▶ _REQUIRED ACTION_
Directions for the data below: repeat exactly the lines from the one with "地铁二号线B、C出口,经前门" through the one with "活动伊始,五位青年教师进行了", both included, and omit all pictures.

▶ _PROVIDED ENTRIES_
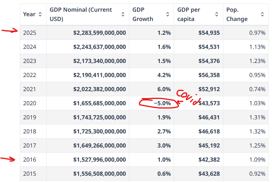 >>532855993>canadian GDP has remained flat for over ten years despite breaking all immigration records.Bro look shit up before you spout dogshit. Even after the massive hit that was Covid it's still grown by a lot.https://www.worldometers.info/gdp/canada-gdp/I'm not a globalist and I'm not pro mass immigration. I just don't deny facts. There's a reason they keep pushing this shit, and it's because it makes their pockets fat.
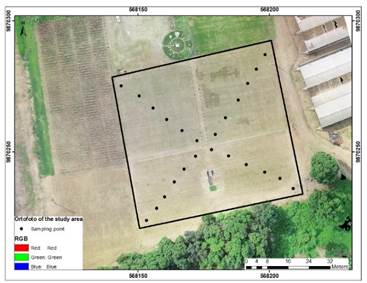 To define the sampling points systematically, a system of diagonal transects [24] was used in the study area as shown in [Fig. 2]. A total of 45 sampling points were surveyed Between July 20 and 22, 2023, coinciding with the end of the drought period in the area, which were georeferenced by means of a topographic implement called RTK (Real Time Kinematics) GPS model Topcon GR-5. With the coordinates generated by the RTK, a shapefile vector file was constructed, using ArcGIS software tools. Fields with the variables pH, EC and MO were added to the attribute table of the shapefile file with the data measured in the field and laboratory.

==

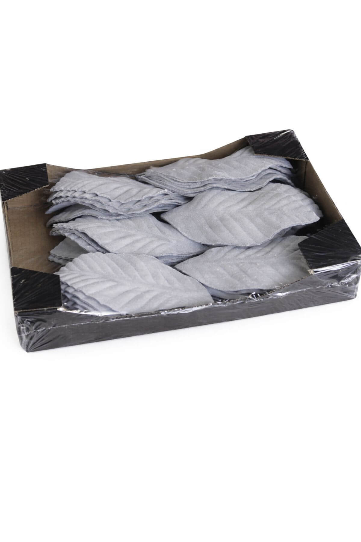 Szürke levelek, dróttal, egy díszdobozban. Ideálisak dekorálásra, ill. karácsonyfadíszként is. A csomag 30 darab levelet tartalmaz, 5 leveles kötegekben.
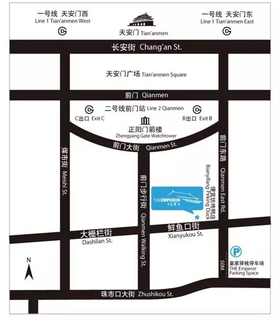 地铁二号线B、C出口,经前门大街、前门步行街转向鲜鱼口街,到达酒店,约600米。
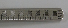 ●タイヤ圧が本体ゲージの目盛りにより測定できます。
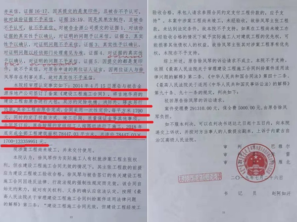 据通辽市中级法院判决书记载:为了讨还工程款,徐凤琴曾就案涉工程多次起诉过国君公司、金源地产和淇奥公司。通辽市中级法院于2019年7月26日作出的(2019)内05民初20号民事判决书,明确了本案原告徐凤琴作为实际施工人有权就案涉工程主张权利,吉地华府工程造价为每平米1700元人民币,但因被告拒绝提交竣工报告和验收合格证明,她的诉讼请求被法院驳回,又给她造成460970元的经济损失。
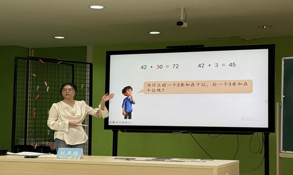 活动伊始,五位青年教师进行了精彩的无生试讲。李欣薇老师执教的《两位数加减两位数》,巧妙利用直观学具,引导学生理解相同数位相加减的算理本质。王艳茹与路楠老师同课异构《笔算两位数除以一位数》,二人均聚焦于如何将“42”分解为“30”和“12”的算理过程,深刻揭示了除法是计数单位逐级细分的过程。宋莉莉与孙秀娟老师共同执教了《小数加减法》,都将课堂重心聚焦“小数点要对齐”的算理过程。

▶ _ANSWER SPACE_
 地铁二号线B、C出口,经前门大街、前门步行街转向鲜鱼口街,到达酒店,约600米。
 ●タイヤ圧が本体ゲージの目盛りにより測定できます。
 据通辽市中级法院判决书记载:为了讨还工程款,徐凤琴曾就案涉工程多次起诉过国君公司、金源地产和淇奥公司。通辽市中级法院于2019年7月26日作出的(2019)内05民初20号民事判决书,明确了本案原告徐凤琴作为实际施工人有权就案涉工程主张权利,吉地华府工程造价为每平米1700元人民币,但因被告拒绝提交竣工报告和验收合格证明,她的诉讼请求被法院驳回,又给她造成460970元的经济损失。
 活动伊始,五位青年教师进行了精彩的无生试讲。李欣薇老师执教的《两位数加减两位数》,巧妙利用直观学具,引导学生理解相同数位相加减的算理本质。王艳茹与路楠老师同课异构《笔算两位数除以一位数》,二人均聚焦于如何将“42”分解为“30”和“12”的算理过程,深刻揭示了除法是计数单位逐级细分的过程。宋莉莉与孙秀娟老师共同执教了《小数加减法》,都将课堂重心聚焦“小数点要对齐”的算理过程。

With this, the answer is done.